Lincoln in 1858

    Source citation
    Jasper L. Douthit, "Lincoln in 1858," Hartford (CT) Courant, October 3, 1906, p.14.
    Original source
    Christian Register
    Author (from)
    James L. Douthit
    Newspaper: Publication
    Hartford Courant
    Newspaper: Headline
    Lincoln in 1858
    Newspaper: Page(s)
    Date Certainty
    Blake Dickinson
    Transcription date
    The following text is presented here in complete form, as it originally appeared in print. Spelling and typographical errors have been preserved as in the original.
    LINCOLN IN 1858.

    An Illinoisian Who Was There Remembers Him.

    (Jasper L. Douthit in Christian Register.)

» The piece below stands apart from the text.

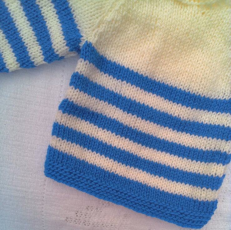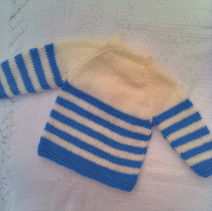 The sweater is in stock to fit a 0 - 3 month old baby with a 16 inch chest, in the shades of blue and white shown in the photos. It would make an ideal gift for a baby shower, a new born baby or as a Christening gift. It would also look good on your own little one as a treat for him or her.

    The Last time I saw Mr. Lincoln and heard him speak was during the famous debates in Illinois between him and Senator Douglas, during 1858. He spoke in a circus tent at Hillsboro, Ill. I see him now as he walked into the tent at the further end from where I was seated. His trousers were baggy at the knees, and he looked like some ungainly giant. A crowd was around him, but he seemed a head taller than the rest. He and Douglas didn’t meet to debate there. Douglas came a few days before and made his speech to an immense crowd out in a grove for the weather was fair. But the day appointed for Lincoln threatened rain, so that the circus tent was engaged for him. He hadn’t spoken but a little while till the rain poured down in torrents and drove the people off their seats to stand close around the speaker’s stand in the middle of the tent arena. Some one suggested that they stop the meeting till the rain was over, but the crowd cried: “Oh, no! Go on, go on!” Lincoln did “go on” for nearly two hours, and the people kept crowding closer and closer to him as if they were hypnotized. As when I first heard him in the court-house, Shelbyville, Mr. Lincoln seemed to nie to grow taller and his face became more radiant the longer he spoke, I was again deeply impressed with his good humor and fairness to opponents. I remember what he said of Senator Douglas’s theory of “Popular Sovereignty”: that is, the right of the people to vote slavery up or down in the territories. “The fact is,” said Lincoln, “Judge Douglas’s theory of popular sovereignty seems to me about as thin as the soup made from the shadow of a starved pigeon.”
    In that same speech I remember him saying: “There is an honest old man down in Georgia by the name of Toombs. He boasts that he will call the roll of his slaves at the foot of Bunker Hill Monument. Dear fellow, he little knows the temper of the Northern people upon the subject of slavery, or he’d never make such a bonet at that.” Up to the time I heard that speech of Mr. Lincoln I had had been a Douglas democrat, though opposed to slavery and an advocate of total abstinence. But, when Senator Douglas spoke in Hillsboro, I saw him sadly under the influence of liquor. They made a banquet for him at night where wine and whiskey flowed shame-fully. When Lincoln came, his friends proposed a banquet for him, and were, going to have liquors. But Lincoln protested. He said his friends would please him best if they furnished no drinks that would intoxicate, and they obeyed him.